Note that the main developer of HammerDB is Intel employee (#IAMINTEL) however HammerDB is a personal open source project and any opinions are specific to the context of HammerDB as an independent personal project and are not related to Intel in any way.
The first known usage of the term benchmark stems from surveying in the early 1800’s to mark the border between North and South Carolina. in this context a bench is a mark in typically a stone structure to place a level staff to make sure that accurate measurements can be made from the same position at some point in time in the future. This initial usage of the term gives us insight into the importance of benchmarks today that can be summed in a single word “Repeatability”. Just like the original context of the term benchmark the single most important and overriding factor of any database benchmark is that if you run the same test on exactly the same configuration, (allowing for a small margin or error) you get the same result. If you change something and re-run the same test the difference in the results can be attributed to the changes you made. Consequently over time you have a reference point “set in stone” from which future changes can be measured by running the same test. That is why we run a workload designed exactly for this purpose as it gives us a “benchmark”.
Benchmarks are nothing like your real applications, and that’s actually good thing because unlike your application a good benchmark application like HammerDB has been designed to scale. “Scalability” is a product of both the benchmarking application itself (See the post on HammerDB Architecture to see how it scales implementing multiple virtual users as threads) as well as the benchmarking workload (The TPC benchmarks that HammerDB uses have been designed specifically for this purpose and proven over decades to scale). With a proven application and workload that delivers repeatability, you can then determine the capabilities of the components that you want to assess as noted in the introduction such as processing architecture and speed, memory, storage subsystems and the database engine.
For example the following chart (with the actual data removed for the reasons described further in this post) shows the HammerDB TPC-C workload run against the same database on different processing architectures (grouped by colour) and speed with the most recent at the top. As the chart shows because we know that both HammerDB and the implementation of the TPC-C workload scales then we can determine that with this particular database engine both the software and hardware scales as well.

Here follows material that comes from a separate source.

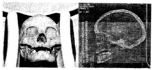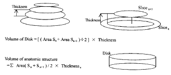 使用SIEMENS公司生产SOMATOM ARTCT扫描机,将头颅标本逐个安置固定于扫描机固位头架上,使眶耳平面(Frankfortplane)和正中矢状面垂直于地平面(图2)。依照标准方法扫描[5] :扫描基准线平行于眶耳平面,设置骨窗,行层厚2mm、连续不重叠、轴向断层扫描,获取分辨率512×512矩阵CT断层影像,由图像工作站将其重建为颅面三维影像(图3)。CT影像由作者所建颅面外科三维诊断分析和手术设计系统(3-DCMFCADS)的MUSTEK图像扫描仪数字化转换输入DIGITALVENTURIS FP-5100计算机,以600DPI分辨率数字化图像存储。可根据诊断治疗需要随时调用图像,运行作者设计编制的测量软件进行颅面CT影像三维测量,测量项目与直接测量项目逐一对应,包括线距、角度、解剖结构的面积和体积。其中面积和体积的运算需要先对感兴趣部位进行图像编辑、灰度均一化、配准处理,面积采用像素求和法获得,三维结构体积算法原理如图4所示,其数学模型为Volume=Σarea(Slicen +Slicen+1 /2)×Thickness

If you only test your own application (and if you have more than one application which one will you use for benchmarking?) can you be sure that it scales? if not how will you determine the optimal deployment platform for those applications (if you don’t know whether your application scales in the first place?) The answer is to run a proven application and workload to provide those quantifiable and repeatable results. With a chart such as the one above you can then compare results from your own application tests to determine whether they scale as well.
So if you have compared the results of your own application and it is repeatable and scalable then why not use that for all of your benchmarking going forward? A key reason is “Security” of the data that you are going to use to test for your benchmarks. When running HammerDB you can generate and insert data “on the fly” or generate flat files and upload them for bulk inserting. In all cases this is random data so presents no security challenges. When testing your application however this is a very real consideration. For example when considering moving a database application into the cloud are you going to copy your actual production data into multiple cloud environments for testing? If not are you going to “clean” your data so it does not present a security risk? A benchmarking scenario of testing maintenance jobs is one of the highest risk approaches around. If you are going to restore your production backups onto the new server how can you be sure that this data is safe in transit and completely deleted when the test is complete. Either way there will be a much higher level of security due diligence and hence cost required when using production data. Even if you are confident that your data is secure then you then need a way to accurately simulate your application. HammerDB offers a way to do this for Oracle by the replaying of trace files and there is an excellent series on doing this by House of Brick. However be aware that even such an approach as capturing tracefiles or using similar tools can reveal the data in your application.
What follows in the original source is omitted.